感想は、きかないでほしい。この映画、つまり、「ルイ・マル」監督による「コメディー」、しかも相当に「フランス的」な、を語るというのは、ほとんどトリプルアクセル+トリプルトゥループ+トリプルループ並みの難易度の高さなのだから(よくわからないが)。だいたい、ぼくの場合、映画よりも先にステファン・グラッペリののほほんとしたサウンドトラックのほうに親しんでいたものだから、じっさいに映画をみてはじめて、タイトルの「五月」が1968年の「五月革命」を指していると気づいたほどである。ルイ・マル自身、あえて《そのこと》に対するみずからの「立ち位置」をぼやかそうとしているようにもみえるこの作品を、しかしわが家ではたんなる「バカ一家の話」と呼び親しんでいる。「『バカ一家の話』みる?」、「みる、みる」といった具合に。そして毎度思うのだ。「あはは、バカだなあ」と。感想など語れるはずもない。
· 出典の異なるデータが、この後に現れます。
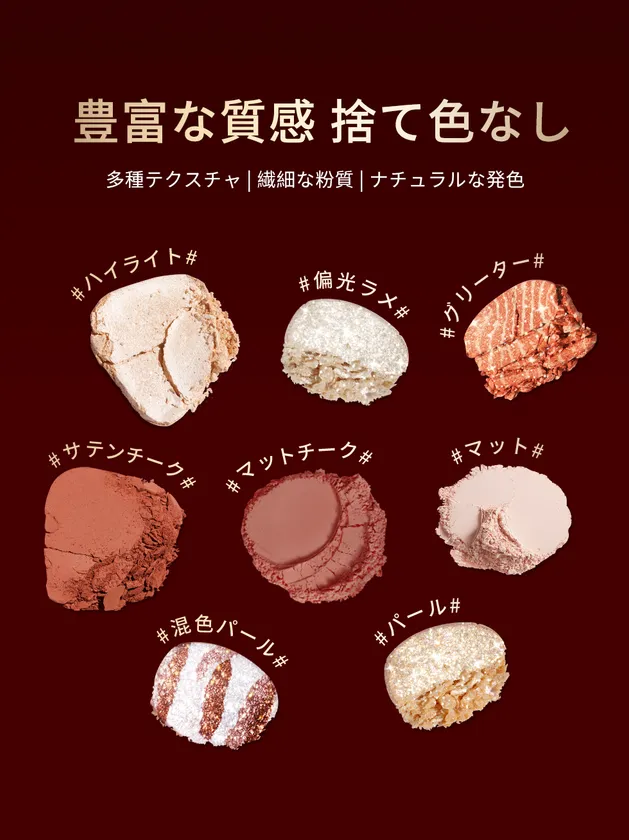 アイシャドウはマットなものからシマーなものまで入っており、チークとハイライターはどんな肌色も引き立てる明るい色合いが揃っています。パウダーはシルクのようになめらかで、ピグメントが均一につき、軽いので重ね塗りしてもキレイになじみます。
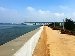 In 2018, the Puqian Bridge was built. Some of the abutments are situated on the northwest part of the island. To aid in construction, a service bridge was built along the north side of the Puqian Bridge to bring construction supplies from the west coast of the harbor to Beigang Island. The residents of the island have used this bridge to bring house construction materials to their island. Prior to the existence of this service bridge, supplies had to be ferried to the island at considerable expense. This bridge has caused an increase in house construction.

けれども、ひとつだけ断言できることがある。それは、この「五月のミル」という映画には、やはり「五月」という季節のもつすべてががつまっているということだ。強さを増した光と薫る風、蒼々とした樹々の新緑に象徴される「生命の躍動」、倦怠と頽廃、そして不穏な予感。「五月のミル」をみれば、「五月」はより「五月」らしくなる。

そして、「五月革命」はしかるべくして「五月」に起こったのだ、と思うのだ。
コメント
この記事へのコメント
「五月のミル」のサントラは、いいですね。革命なんて言葉とまったく関係ないような、新緑の満ちた森を思い起こさせるような音楽。ここ数日はつゆのような天候ですが、このGWは晴天続きでしたよね。それで、このサントラをちょうど引っ張り出してかけていました。
2006/05/14(日) 23:18 | URL | BUN #Nk.ZrAb2[ 編集]
再発希望!
BUNさん、コメントありがとうございます。

このサントラを手に入れたのは数年前、そのときにはすでに廃盤になっていたのですが、いまはなき新宿のCDショップの片隅に偶然発見したときはさすがに狂喜乱舞(?)しました。

こんなすてきなアルバムが廃盤だなんて、まったくどうかしています。
2006/05/15(月) 15:15 | URL | moi店主 #mLjQvPPA[ 編集]
楽譜は持っていてよ。
モワドメ、フランスにいると実感できるけど、日本ではなかなか。
革命と音楽、これもまた、日本人にはわからないでしょう。
この映画が素敵に映るのは、どうしてなのかしら?
2006/05/18(木) 14:53 | URL | nannerl #-[ 編集]
革命と音楽
nannerlさん、こんにちは。

革命と音楽、たしかに日本人にはわかりにくい感覚ですね。ショパン、ショスタコーヴィチ・・・革命に刺激されたグレートコンポーザーたちは多いですが、日本だとやはり渡辺美里「マイ・レボリューション」くらいでしょうか???